OBJECTIVIDADE: JOGAR BEM AS OPORTUNIDADES

Excelente jogo este no irlandês Kingspan Stadium de Belfast entre o Ulster - uma das regiões do rugby irlandês - e o Clermont - uma das melhores equipas francesas - na 3ª jornada da Taça dos Campeões Europeus em Rugby. Com nove ensaios o jogo foi sempre espectacular e a vitória - que podia ter sido para qualquer uma das equipas - esteve em dúvida até ao final.

Curioso é verificar que o Ulster, ganhando com 5 ensaios, tem nos outros elementos estatísticos resultados inferiores, desde a possa da bola, passando pelas ultrapassagens de defensores ou Linha de Vantagem, até ao número de metros de transporte de bola. Ou seja: o Clermont perde o jogo mas domina em praticamente todos os aspectos. Porque perde então?
A razão principal é a de sempre: o mais importante para conseguir traduzir a posse da bola em pontos  é a eficácia da sua utilização e não o domínio da sua posse. Isto é, é a capacidade de aproveitamento das oportunidades que importa. O que implica a mesma capacidade de compreensão do que são os movimentos defensivos alargada ao maior número possível de jogadores da equipa - e essencialmente aos que constituem o losango de ataque.

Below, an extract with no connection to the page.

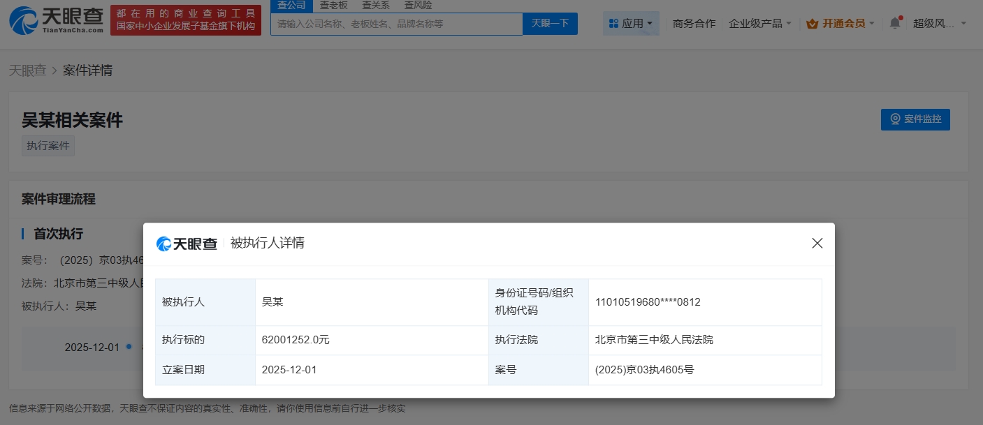 雷达财经讯,天眼查天眼风险信息显示,近日,吴秀波新增一则被执行人信息,执行标的6200万余元,执行法院为北京市第三中级人民法院。

E onde é que os franceses desperdiçaram o seu maior domínio? Pelo que vi, penso que dois aspectos foram dominantes na incapacidade de traduzir o domínio em pontos: um, as linhas de corrida demasiado abertas das suas linhas atrasadas - hoje, ao contrário daquilo que foi uma escola em França, os três-quartos franceses mostram grandes dificuldades em "entrar no passe" - permitindo a acção efectiva da defesa deslizante; dois, a incapacidade de jogo de passe dos avançados dentro da defesa adversário, preferindo a permanente colisão e deixando que a defesa irlandesa - e a defesa irlandesa é, por norma, de uma grande solidariedade e generosidade colectiva - os levasse ao chão e parasse o movimento ou mesmo garantisse mauls para ganhar a introdução da formação ordenada.
O Rugby Vision, o site de Niven Winchester de que já aqui dei nota, prognosticou uma vitória do Ulster com 61,1% de hipóteses e por 4 pontos, falhando apenas por 3 pontos. Para a 4ª jornada, sendo o jogo em França, o Rugby Vision prognostica a vitória do Clermont com 66,2% de hipóteses e por 6 pontos.